The Moynihan report came out decades ago and it was a controversial assessment of black families and poverty in America. Now, it's a point of contention between City Hall and One Police Plaza, with the mayor and the city's police commissioner at odds over its findings. NY1's Courtney Gross filed this report. 

It was published fifty years ago, commonly referred to as the Moynihan report—named after the man who wrote it and later became a New York Senator. 

It was as controversial then as it is now, an examination of black poverty in America—and it received a review from the city's police commissioner on on MSNBC's "Morning Joe" Monday.

"Go read that again. Talk about being prescient about what was going to happen in black society, in terms of—he was right on the money—the disintegration of family, the disintegration of values," Bratton said.

"Everyone in this room knows I have immense respect for the commissioner and we have a strong vision of what we are doing here. I happen to disagree on this matter," Mayor Bill de Blasio said.

The matter being the report's thesis—that the disintegration of a family structure was responsible for economic struggles in African-American communities. 

"That report is literally half a century old, and I think society has changed a lot.

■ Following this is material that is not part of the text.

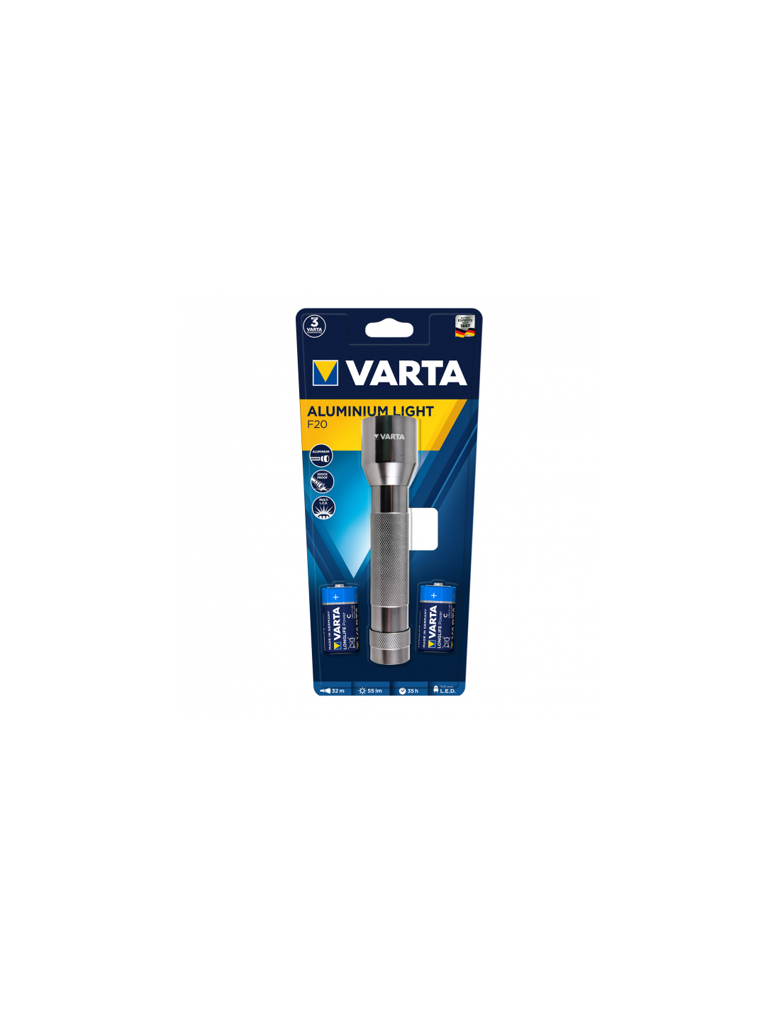 Linterna VARTA Aluminium F20 de material super resistente y fabricado en aluminio. Posee 7 LEDs de 5 mm para una mejor iluminación. Diseño elegante y robusto. Material grip para un mejor agarre. Pilas LR14 incluidas.

I think there are some assumptions in that report that just don't hold today," de Blasio said. "So I just think it's a report from another time."

The controversy left Bratton defending his remarks on Tuesday.

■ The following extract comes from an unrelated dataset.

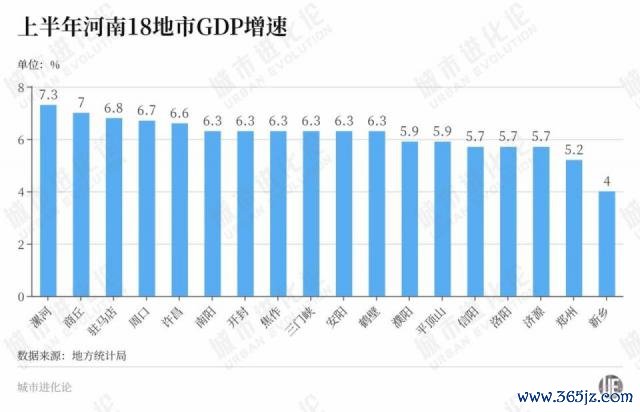 但从增速来看,在全省 17 个省辖市和济源示范区中,漯河、商丘、周口、驻马店、许昌等 14 地经济增速在 5.9% 及以上,高于全省平均线,而郑州(5.2%)、洛阳(5.7%)则稍显乏力。

"People look at comments by myself, by public figures, through their own prism," 

"My takeaway, my prism, if you will, on the Moynihan report, was he was saying to the United State of America—we have damaged this community to an extraordinary degree and as a country we have to come together to work with them to ensure that they get all the benefits of American society of American government, all that they are entitled to that has been denied to them for 350 years," Bratton said.

The entire exchange may overshadow what Bratton was trying to talk about—that the city has had the safest summer on record. 

On Tuesday, top brass explained murders were down almost 15 percent this summer, while shootings dipped nearly 12 percent compared to the same period last year. 

Either way, it seemed like it was this clarification Bratton was thankful for.

"Thanks for asking that question because there are those that are going to be trying to... 'Bratton is a racist.' It just reflects an insensitivity. I am sorry. I am very sensitive to this issue," he said.